* Work request
Go to the line containing "KinHwa Dish Cloths" in the material below. From there to the end, retype every line exactly and drop the pictures.

*** Begin section ***

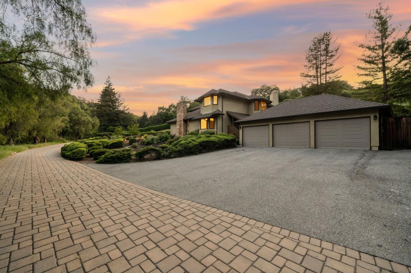 Nestled in the scenic town of Los Altos Hills, this custom residence blends the timeless warmth of lodge-inspired architecture with the clean lines of California contemporary design. With striking stone accents, soaring rooflines, & expansive windows that frame the surrounding natural beauty, this home offers a seamless connection to its tranquil, landscaped setting. Step inside to find open, light-filled living spaces, rich wood detailing, & a thoughtful floor plan designed for both relaxed living & sophisticated entertaining. The main floor offers an expansive layout featuring a spacious living room with soaring ceilings, a formal dining room, a kitchen/family room combination with a cozy breakfast nook. A large private office provides ideal work from home flexibility or 5th bedroom. Just off the entry, you'll find a generous flex space room with built-in cabinets making it ideal for a library or game room. Upstairs has four bedrooms accompanied by a versatile loft area which can be used as a playroom, media space, or 6th bedroom. The front approach welcomes guests with tiered pathways & native plantings, while the inviting covered porch, sparkling pool, offers a charming space to unwind. Perfectly situated in a quiet enclave of Los Altos Hills and just minutes to downtown LA.
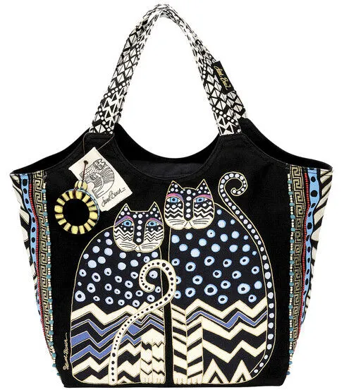 Laurel Burch Large Scoop Tote with Zipper Top Spotted Cats
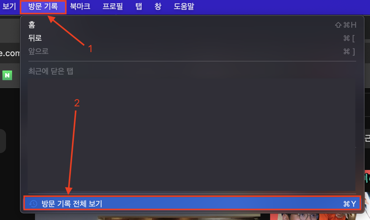 상단에 있는 [방문 기록]을 누른 뒤 [방문기록 전체 보기]를 한다.
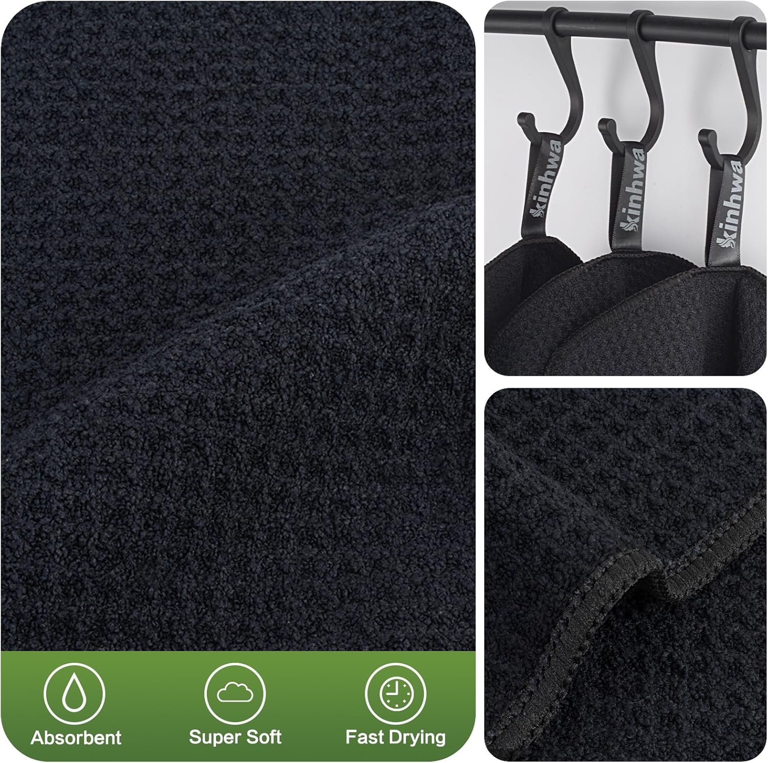 KinHwa Dish Cloths for Washing Dishes Kitchen Towels Microfiber Dish Towels for Kitchen Dish Towels Absorbent 8inch x 8inch 6 Pack (Black, 8in x 8in 10 PC)
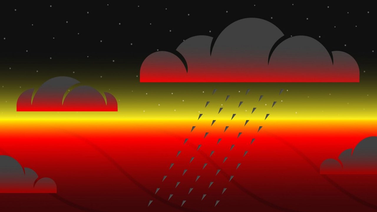 Schematic of clouds on the night side of a hot Jupiter exoplanet. The underlying atmosphere is over 800 C, hot enough to vaporize rocks. Atmospheric motion from the deep atmosphere or from the hotter dayside bring the rock vapour to cooler regions, where it condenses into clouds, and possibly rains down into the atmosphere below. These clouds of condensed rock block outgoing thermal radiation, making the planet's nightside appear relatively cool from space. Credit: McGill University
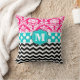 Montrez votre style personnel d'une manière d'amusement avec ces roses indien et coussin noir de monogramme de damassé et d'impression de chevron.

*** End section ***

* Completed task
 KinHwa Dish Cloths for Washing Dishes Kitchen Towels Microfiber Dish Towels for Kitchen Dish Towels Absorbent 8inch x 8inch 6 Pack (Black, 8in x 8in 10 PC)
 Schematic of clouds on the night side of a hot Jupiter exoplanet. The underlying atmosphere is over 800 C, hot enough to vaporize rocks. Atmospheric motion from the deep atmosphere or from the hotter dayside bring the rock vapour to cooler regions, where it condenses into clouds, and possibly rains down into the atmosphere below. These clouds of condensed rock block outgoing thermal radiation, making the planet's nightside appear relatively cool from space. Credit: McGill University
 Montrez votre style personnel d'une manière d'amusement avec ces roses indien et coussin noir de monogramme de damassé et d'impression de chevron.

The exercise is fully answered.